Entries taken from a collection
——

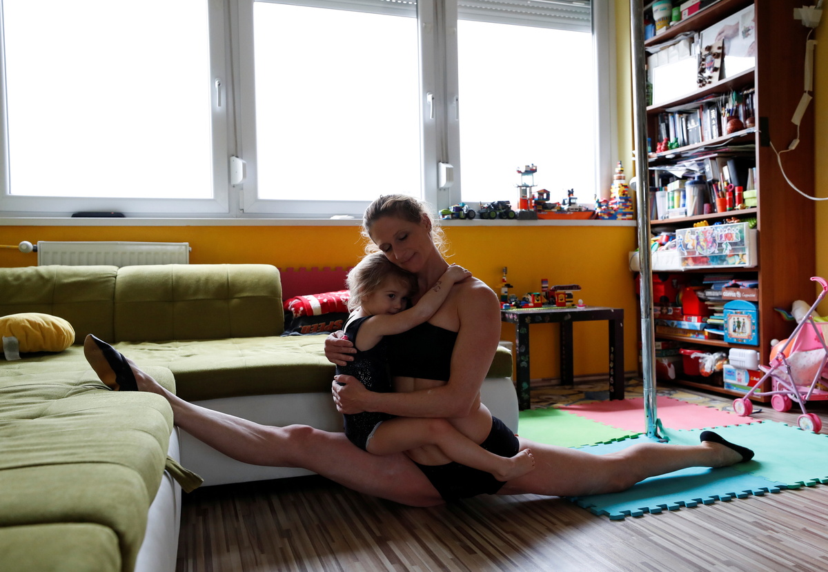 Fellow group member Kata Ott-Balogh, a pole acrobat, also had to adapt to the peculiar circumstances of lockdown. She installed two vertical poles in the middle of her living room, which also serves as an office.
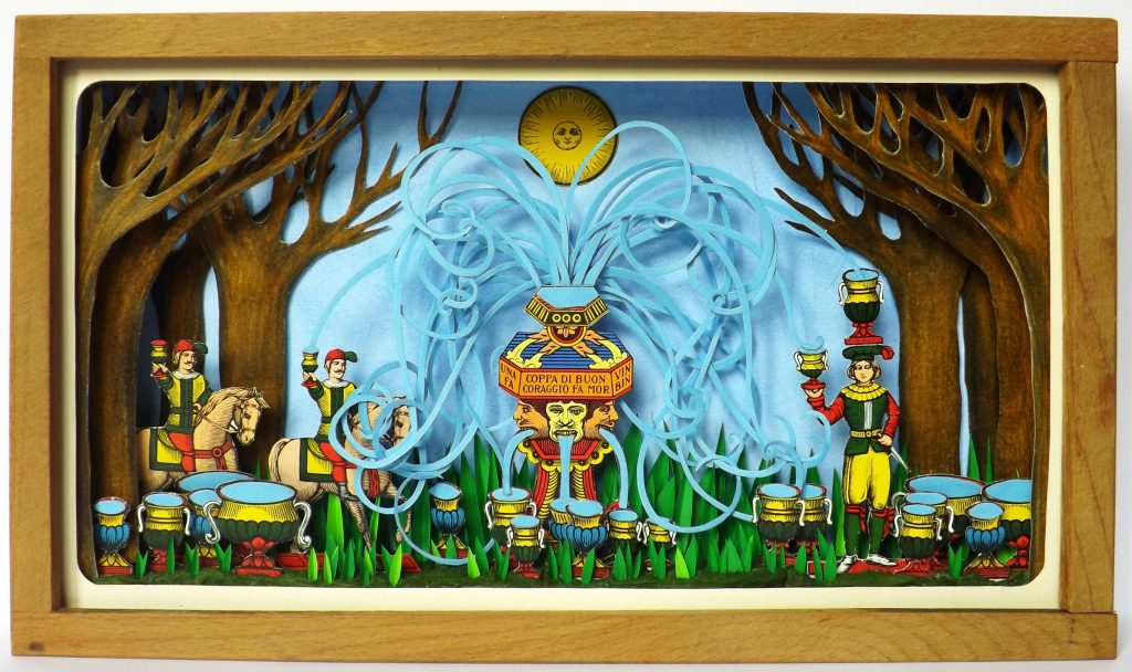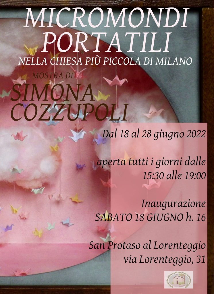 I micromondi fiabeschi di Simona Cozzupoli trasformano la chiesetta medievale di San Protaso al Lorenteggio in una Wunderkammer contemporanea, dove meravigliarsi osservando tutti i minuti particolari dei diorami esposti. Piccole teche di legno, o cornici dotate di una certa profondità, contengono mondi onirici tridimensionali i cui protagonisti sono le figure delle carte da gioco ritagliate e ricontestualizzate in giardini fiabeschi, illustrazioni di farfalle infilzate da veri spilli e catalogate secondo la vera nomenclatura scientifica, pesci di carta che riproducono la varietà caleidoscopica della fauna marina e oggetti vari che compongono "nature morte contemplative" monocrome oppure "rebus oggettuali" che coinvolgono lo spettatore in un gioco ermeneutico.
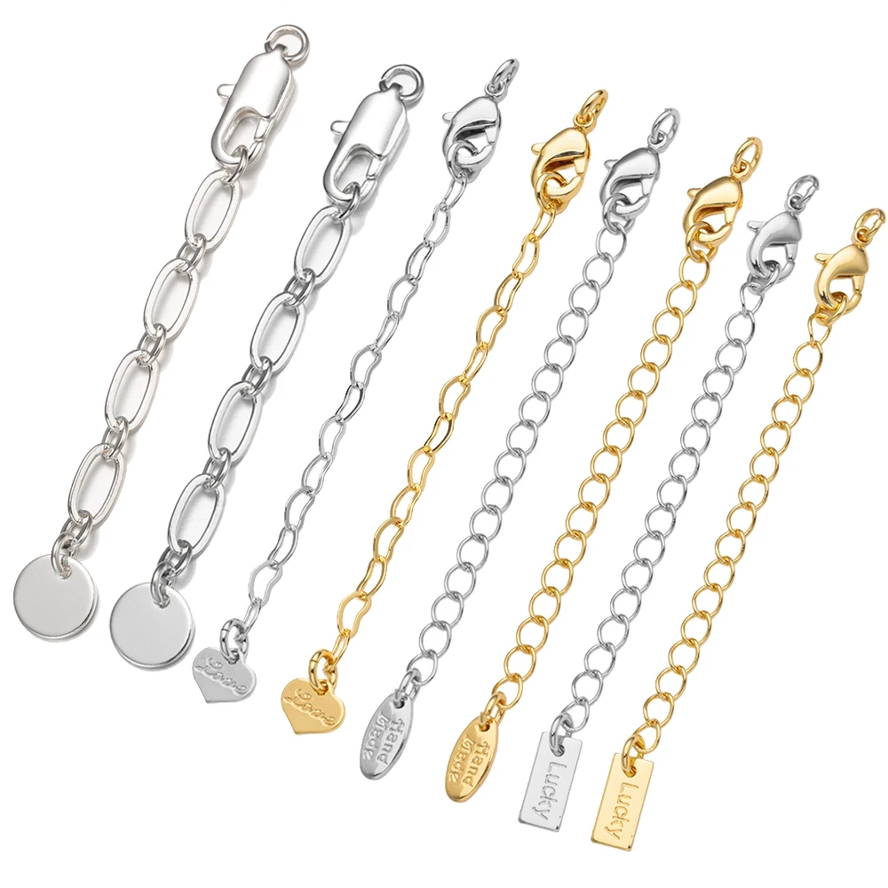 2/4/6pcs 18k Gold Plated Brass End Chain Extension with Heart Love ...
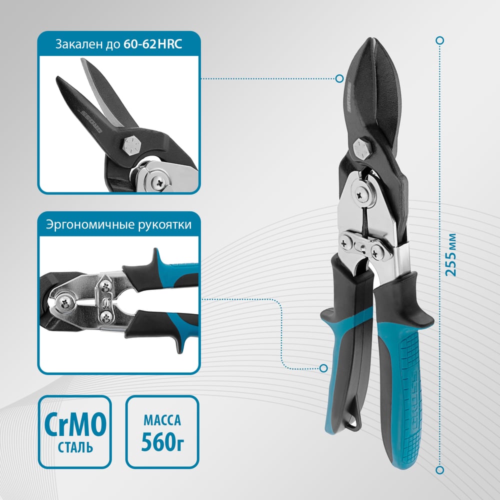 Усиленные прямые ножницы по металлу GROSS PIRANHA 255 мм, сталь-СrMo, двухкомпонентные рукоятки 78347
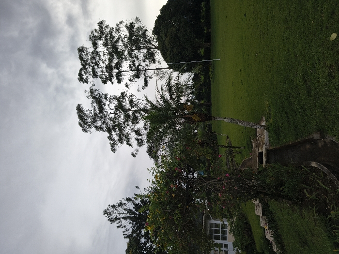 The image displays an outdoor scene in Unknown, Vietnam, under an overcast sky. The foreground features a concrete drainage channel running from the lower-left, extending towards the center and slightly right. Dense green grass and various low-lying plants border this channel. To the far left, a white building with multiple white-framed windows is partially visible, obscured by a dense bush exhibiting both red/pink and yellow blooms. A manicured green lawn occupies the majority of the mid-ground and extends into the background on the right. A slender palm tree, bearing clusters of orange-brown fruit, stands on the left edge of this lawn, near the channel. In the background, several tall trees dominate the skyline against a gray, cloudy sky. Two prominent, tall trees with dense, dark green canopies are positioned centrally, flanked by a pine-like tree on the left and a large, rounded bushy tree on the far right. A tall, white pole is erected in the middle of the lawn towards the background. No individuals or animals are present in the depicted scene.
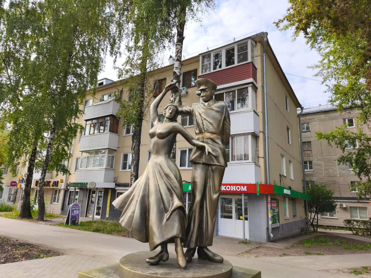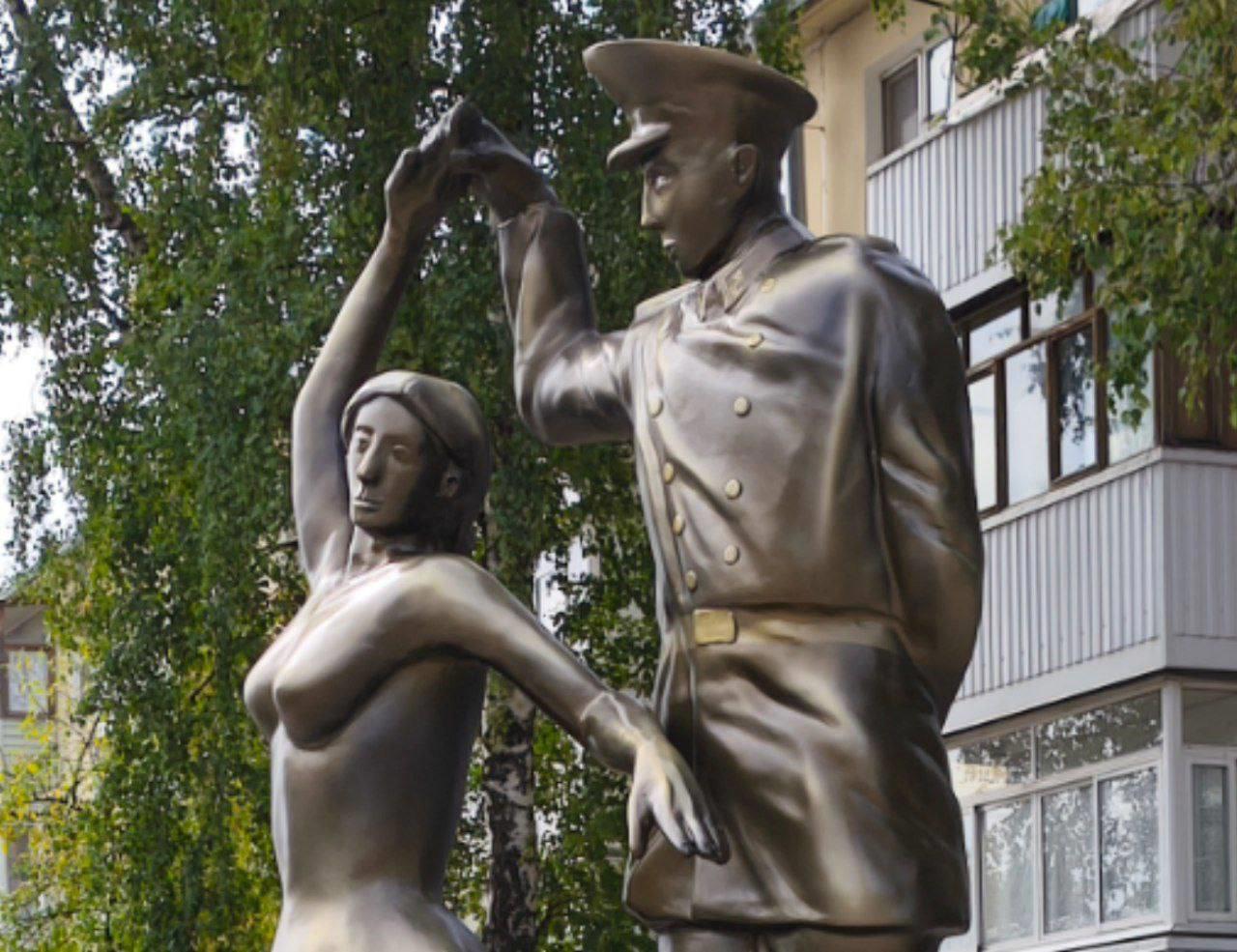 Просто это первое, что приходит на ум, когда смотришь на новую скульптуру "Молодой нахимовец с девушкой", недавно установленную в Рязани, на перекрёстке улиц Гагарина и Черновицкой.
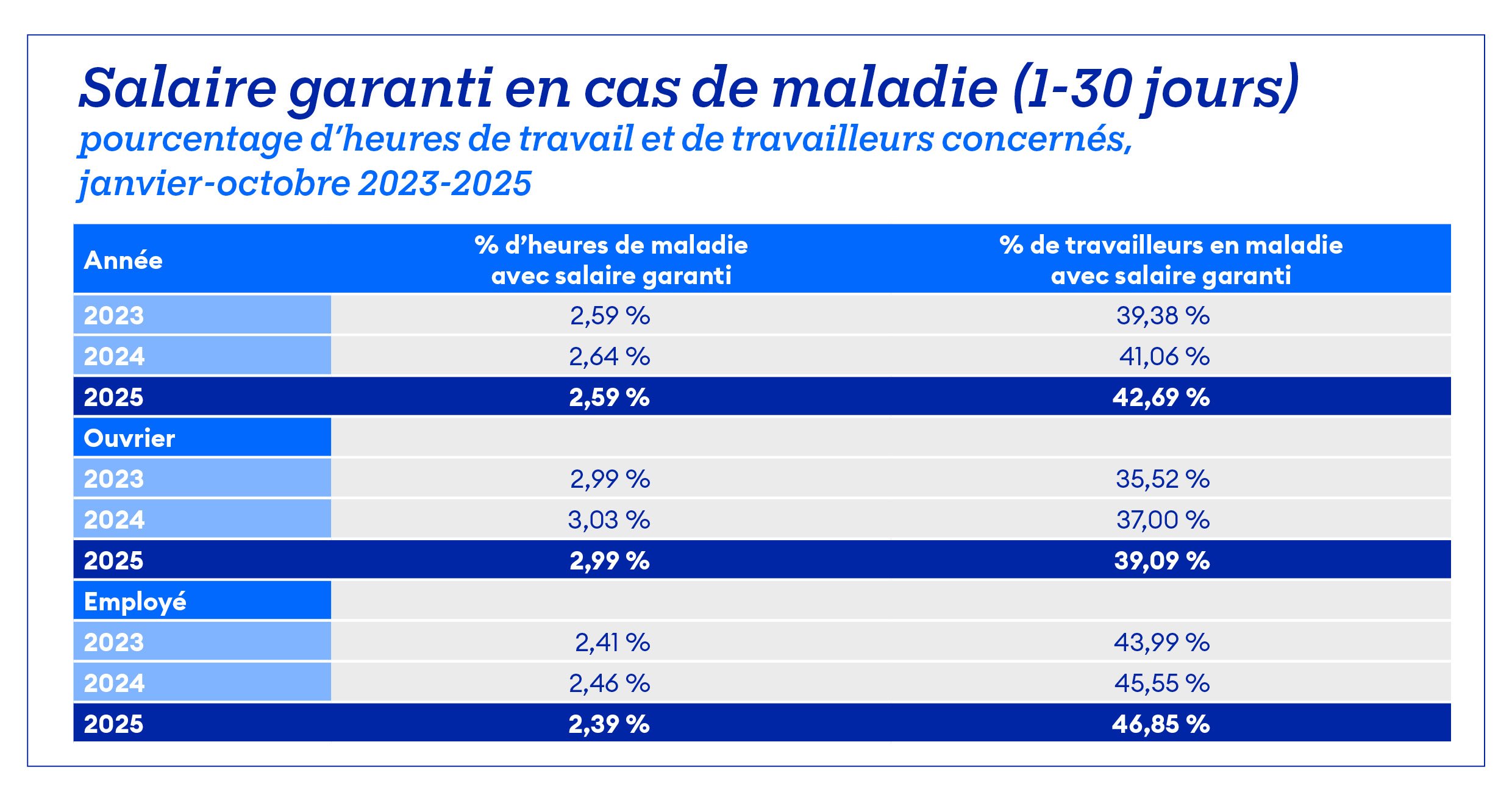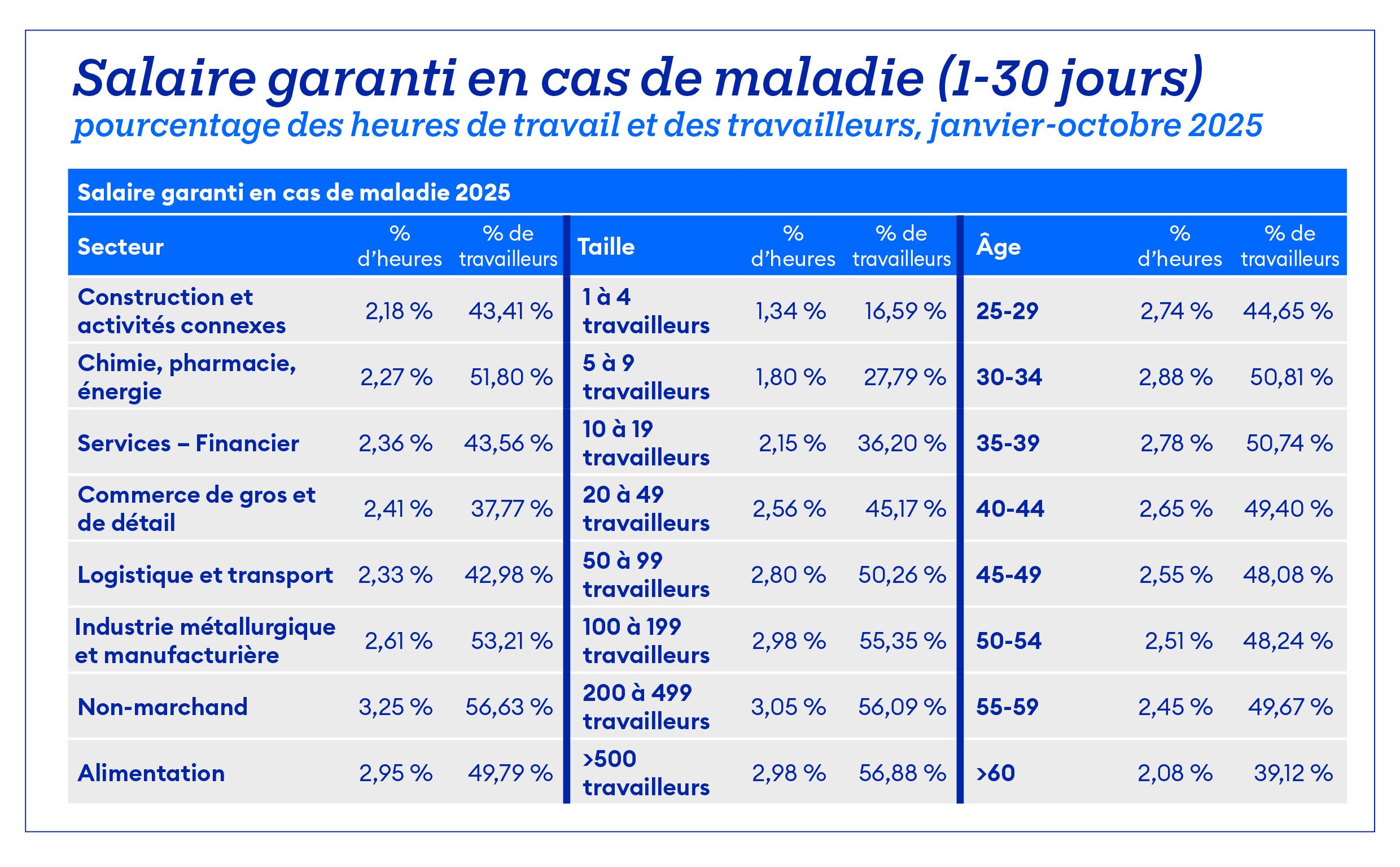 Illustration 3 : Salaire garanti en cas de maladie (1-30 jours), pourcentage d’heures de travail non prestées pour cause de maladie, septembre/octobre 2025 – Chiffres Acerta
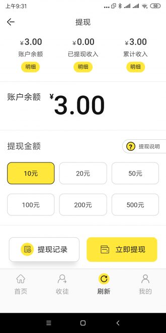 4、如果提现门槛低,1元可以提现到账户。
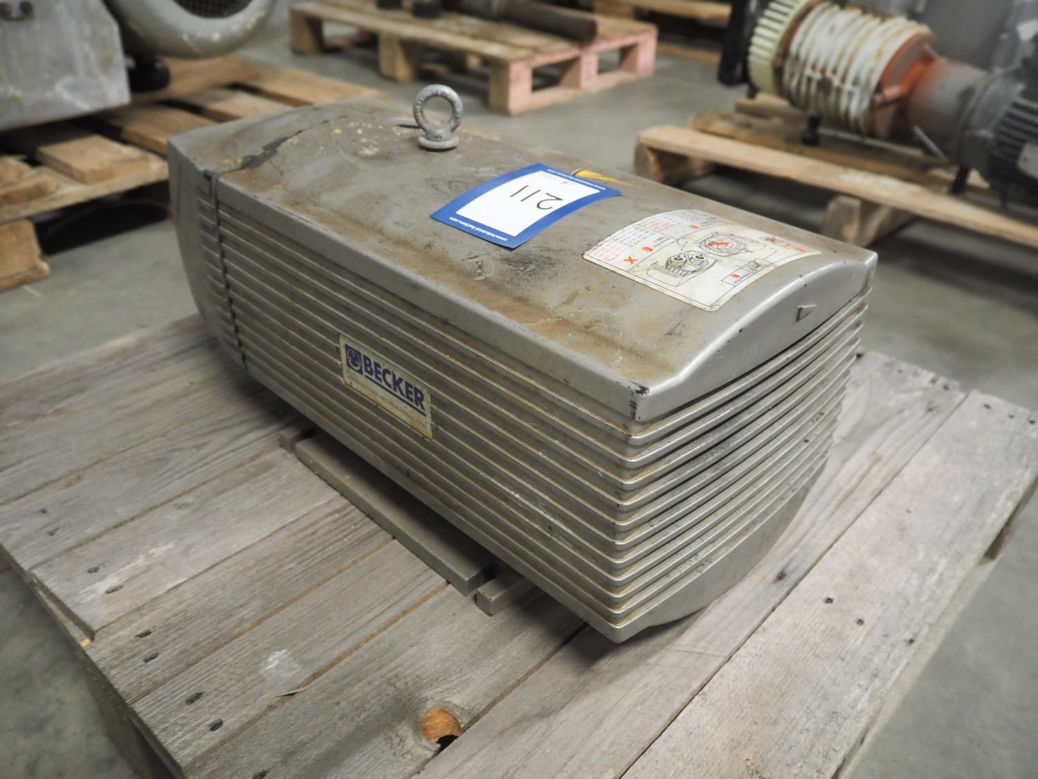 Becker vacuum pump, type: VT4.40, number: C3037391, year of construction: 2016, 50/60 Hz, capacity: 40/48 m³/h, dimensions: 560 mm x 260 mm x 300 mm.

——

Nothing should appear in the answer except the lines from the first line of the data through the line holding "Усиленные прямые ножницы", exactly as written, with pictures left out.

 Fellow group member Kata Ott-Balogh, a pole acrobat, also had to adapt to the peculiar circumstances of lockdown. She installed two vertical poles in the middle of her living room, which also serves as an office.
 I micromondi fiabeschi di Simona Cozzupoli trasformano la chiesetta medievale di San Protaso al Lorenteggio in una Wunderkammer contemporanea, dove meravigliarsi osservando tutti i minuti particolari dei diorami esposti. Piccole teche di legno, o cornici dotate di una certa profondità, contengono mondi onirici tridimensionali i cui protagonisti sono le figure delle carte da gioco ritagliate e ricontestualizzate in giardini fiabeschi, illustrazioni di farfalle infilzate da veri spilli e catalogate secondo la vera nomenclatura scientifica, pesci di carta che riproducono la varietà caleidoscopica della fauna marina e oggetti vari che compongono "nature morte contemplative" monocrome oppure "rebus oggettuali" che coinvolgono lo spettatore in un gioco ermeneutico.
 2/4/6pcs 18k Gold Plated Brass End Chain Extension with Heart Love ...
 Усиленные прямые ножницы по металлу GROSS PIRANHA 255 мм, сталь-СrMo, двухкомпонентные рукоятки 78347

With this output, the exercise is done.